In the event that a TaskTracker is not performing properly, it can be blacklisted so that no jobs will be scheduled to run on it. There are two types of TaskTracker blacklisting:
- Per-job blacklisting, which prevents scheduling new tasks from a particular job
- Cluster-wide blacklisting, which prevents scheduling new tasks from all jobs
Per-Job Blacklisting
The configuration value mapred.max.tracker.failures in mapred-site.xml specifies a number of task failures in a specific job after which the TaskTracker is blacklisted for that job. The TaskTracker can still accept tasks from other jobs, as long as it is not blacklisted cluster-wide (see below).
A job can only blacklist up to 25% of TaskTrackers in the cluster.
Cluster-Wide Blacklisting
A TaskTracker can be blacklisted cluster-wide for any of the following reasons:
- The number of blacklists from successful jobs (the fault count) exceeds mapred.max.tracker.blacklists
- The TaskTracker has been manually blacklisted using hadoop job -blacklist-tracker <host>
- The status of the TaskTracker (as reported by a user-provided health-check script) is not healthy
If a TaskTracker is blacklisted, any currently running tasks are allowed to finish, but no further tasks are scheduled. If a TaskTracker has been blacklisted due to mapred.max.tracker.blacklists or using the hadoop job -blacklist-tracker <host> command, un-blacklisting requires a TaskTracker restart.
Only 50% of the TaskTrackers in a cluster can be blacklisted at any one time.
After 24 hours, the TaskTracker is automatically removed from the blacklist and can accept jobs again.

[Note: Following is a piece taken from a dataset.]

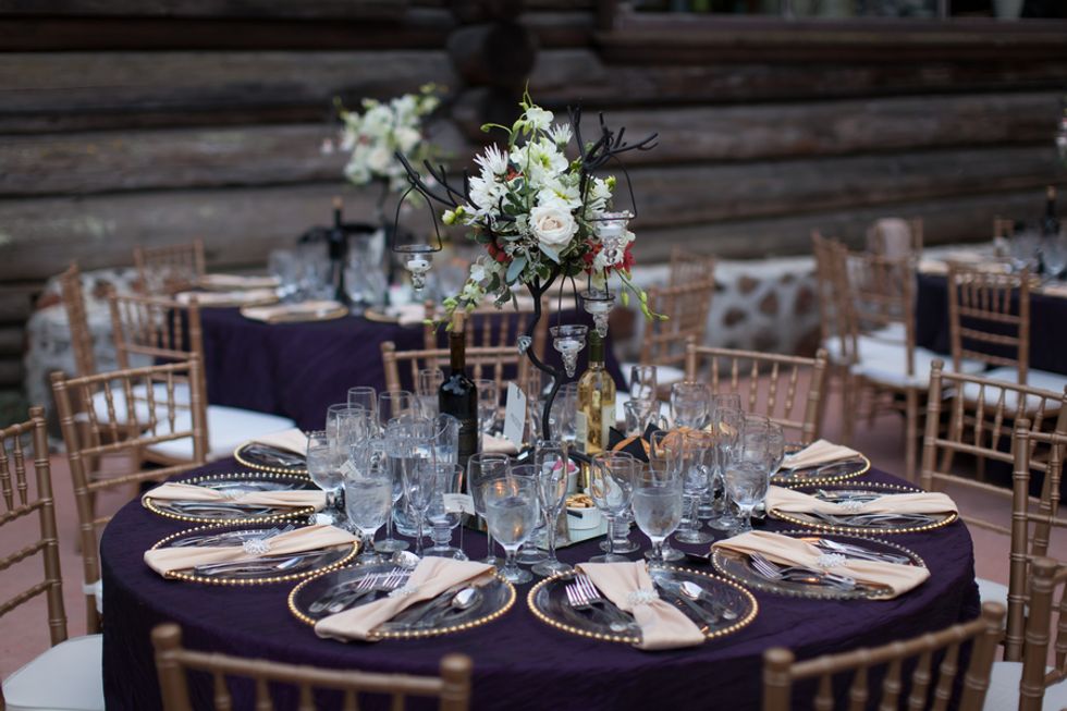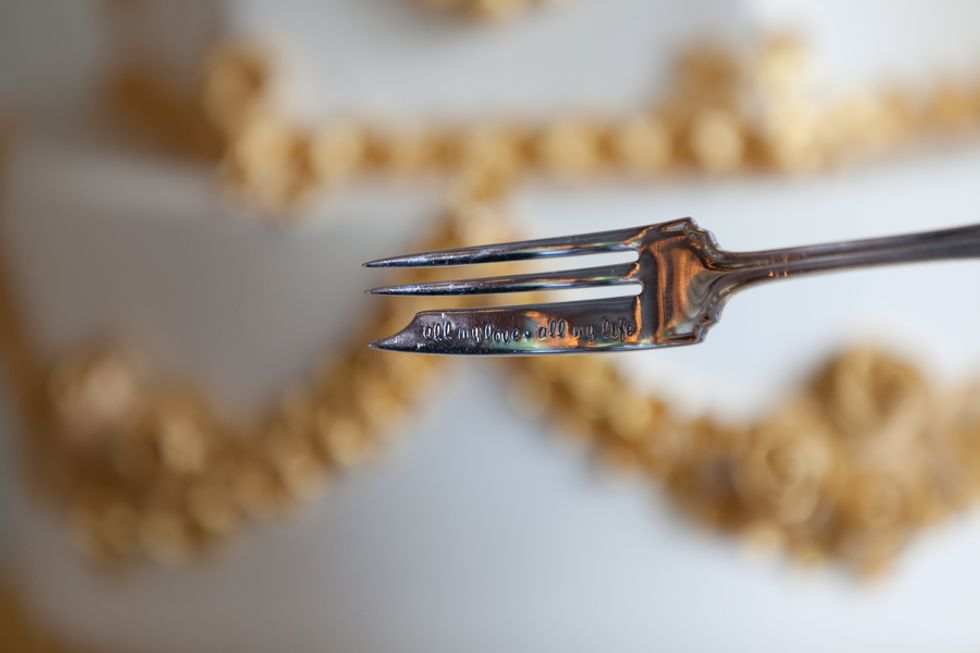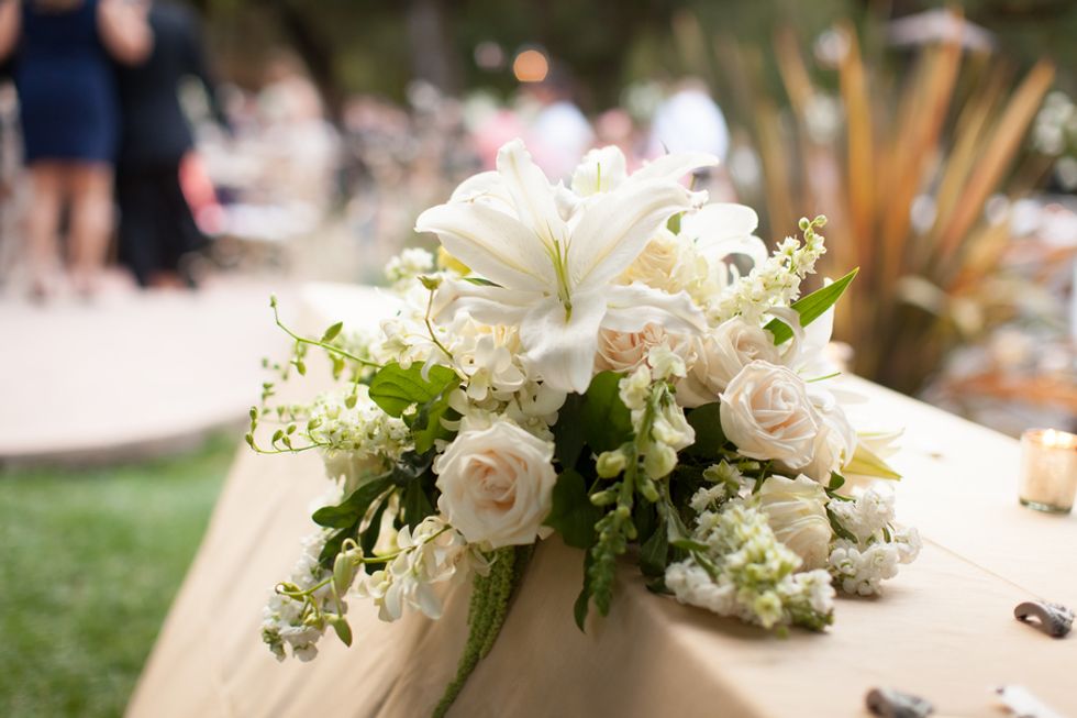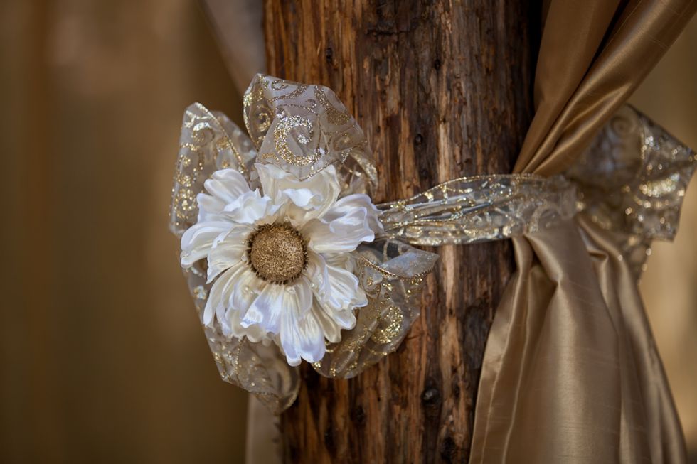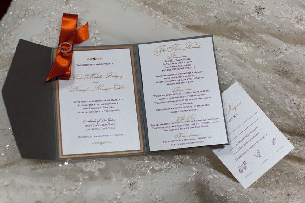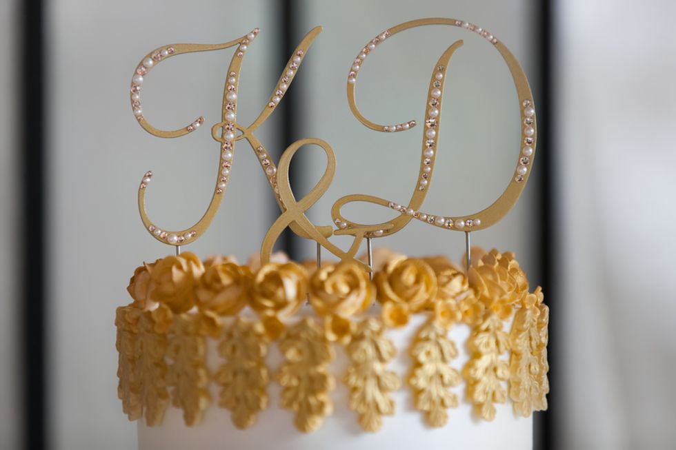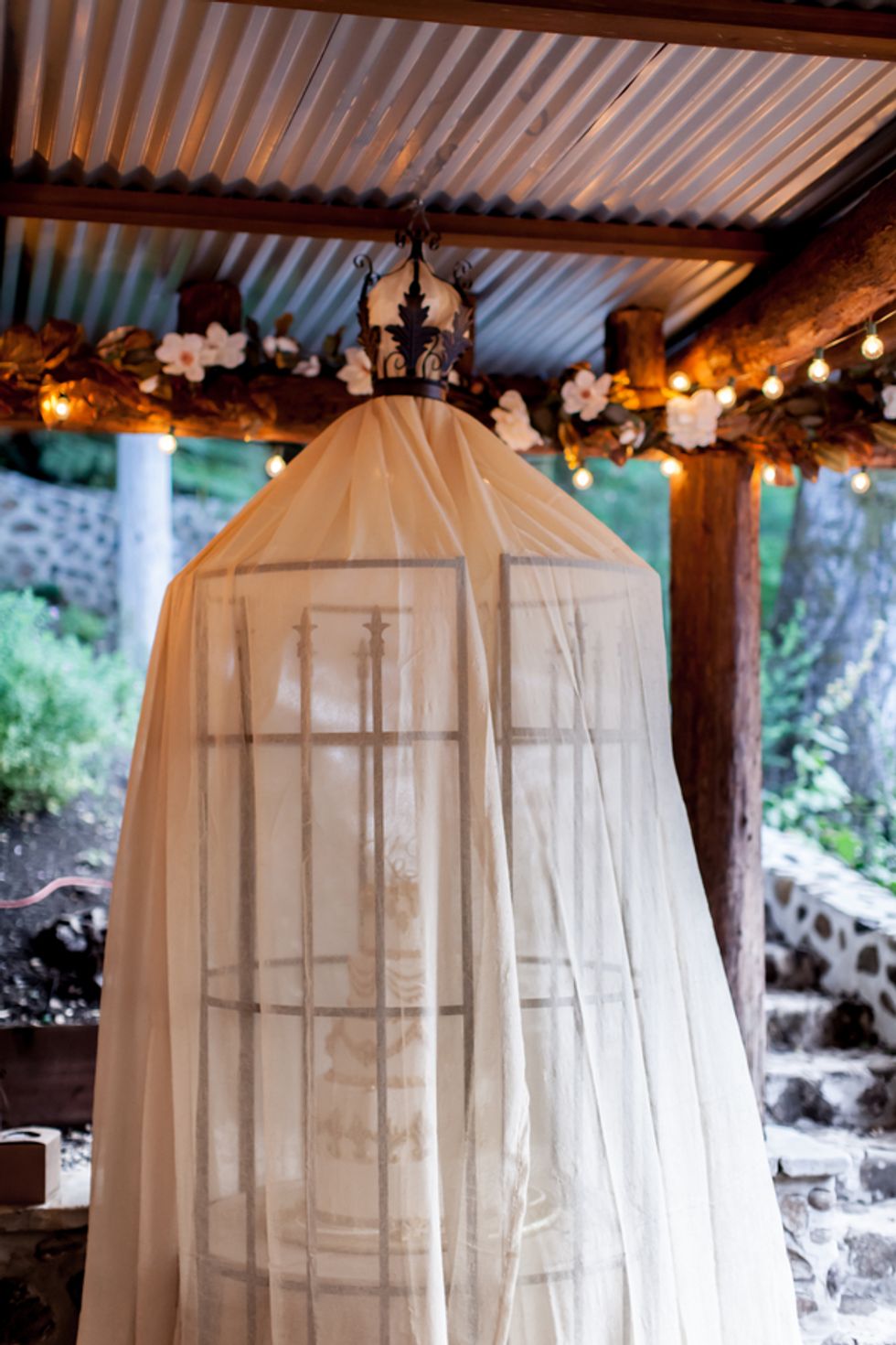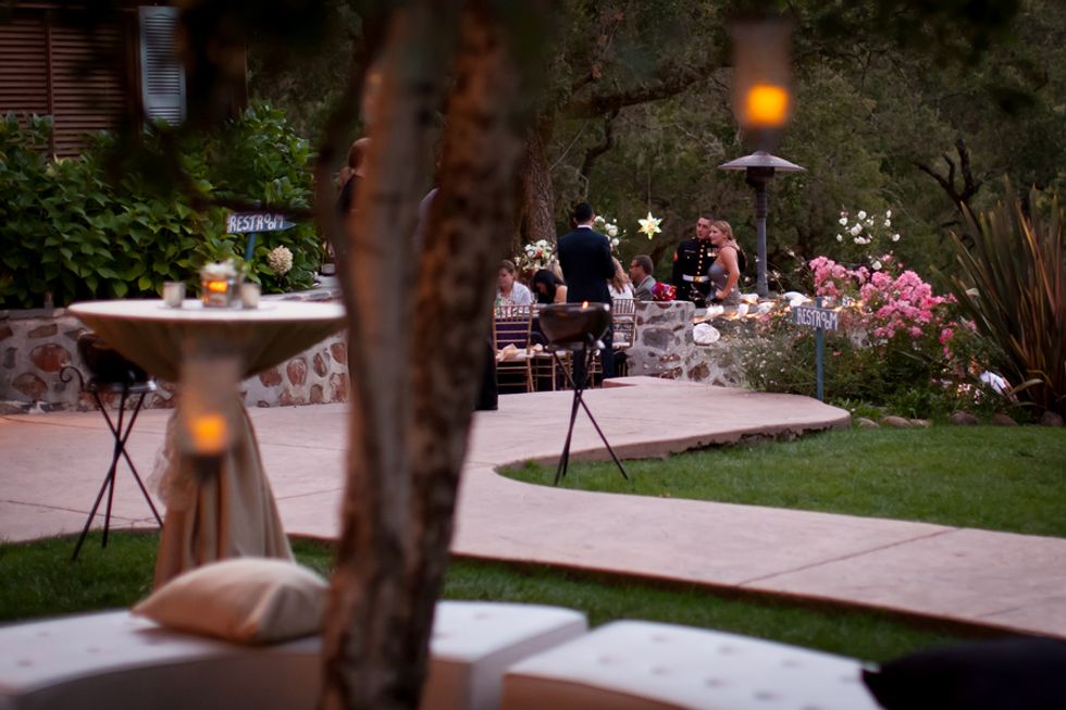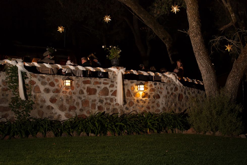 Luckily, Dana's father owns the venue, so the bride had full reign to turn Creekside Terrace in Los Gatos into a mini-Versailles. Spanish stars and chandeliers lit up the Redwoods with a luxurious glow while personalized silverware engraved with promises and golden goblets glittered in the candlelight. Tiara-shaped paperweights kept place markers from flying away. In keeping with the luxe color scheme, the cake was four layers of hand-piped roses, fleurs de lis, and pearls in gold icing that sat underneath a veiled birdcage until it was time.

Blacklisting a TaskTracker Manually
To blacklist a TaskTracker manually, run the following command as the administrative user:
hadoop job -blacklist-tracker <hostname>
Manually blacklisting a TaskTracker prevents additional tasks from being scheduled on the TaskTracker. Any currently running tasks are allowed to fihish.
Un-blacklisting a TaskTracker Manually
If a TaskTracker is blacklisted per job, you can un-blacklist it by running the following command as the administrative user:
hadoop job -unblacklist <jobid> <hostname>
If a TaskTracker has been blacklisted cluster-wide due to mapred.max.tracker.blacklists or using the hadoop job -blacklist-tracker <host> command, un-blacklisting requires a TaskTracker restart. If a TaskTracker has been blacklisted cluster-wide due to a non-healthy status, correct the indicated problem and run the health check script again. When the script picks up the healthy status, the TaskTracker is un-blacklisted.